Sadly, the link doesn't work anymore - a great pity as the video was very informative.
LJ


----------



## SpratMan (Jun 1, 2016)

GregV said:


> I have seen a video of exactly that.
> Hanging rails are constructed under the ceiling so to minimize mice chances.
> The storage is cool enough do discourage moths; there is enough cool air movements to have no moth issues.
> Frames are loosely positioned on those rails.
> ...


This is how I do it. I hang them on rails in my barn, 12 feet off the ground... Kindof a pain to get to but no moths.

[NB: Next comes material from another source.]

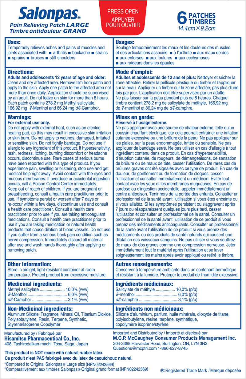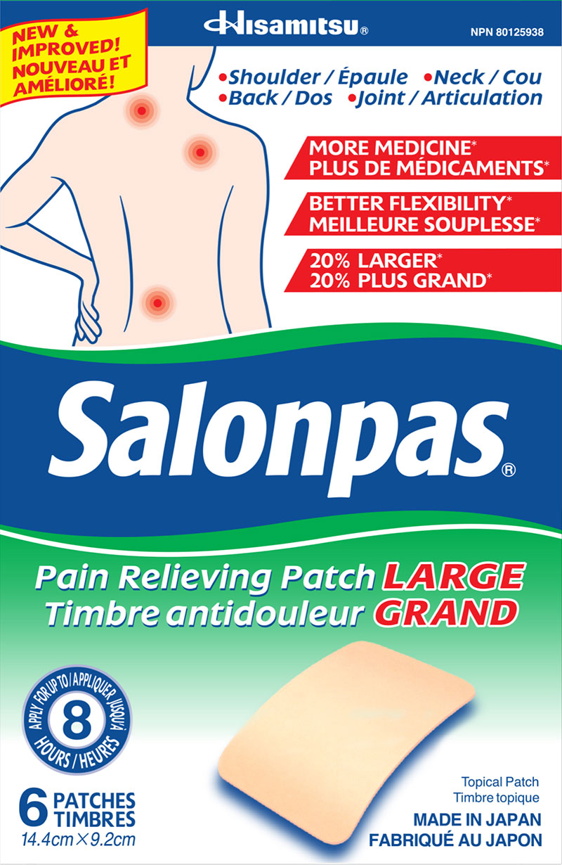 Le timbre analgésique Salonpas contient maintenant plus de médicaments contre la douleur dans chaque timbre, en plus d’être 20 % plus grands et d’avoir une meilleure flexibilité. Le timbre présente également une meilleure adhérence, avec des coins arrondis qui résistent au décollement.

Have had a little trouble with mice. I'll put some traps up there this winter. Blenty of airflow, light and cold during the winter. The only down-side is that it does tend to attract a few bees into the barn since it is pretty close to my bee yard.


----------



## jaybees (Jun 7, 2010)

Here is another way!
www.youtube.com/watch?v=i8QSMvtEa28
Sorry., I didn't see the top bar heading.


----------



## JWPalmer (May 1, 2017)

It is amazing how much my comb handling resembles Ruth's without us ever talking about it, and for the same reasons. Extra comb for me comes inside the house. I have a small bedroom that I confiscated for bee stuff. Last year I stored all the frames from my early fall deadouts. Honey and pollen frames included. Had no problems with wax moths until late February and it was just one or two larvae. Combs were stored in the boxes over SBBs on runners for ventilation. No mold at all. And, all that comb was ready to go early in the spring.


----------



## GregB (Dec 26, 2017)

JWPalmer said:


> I have a small bedroom that I confiscated for bee stuff.


Now, that is luxury!


----------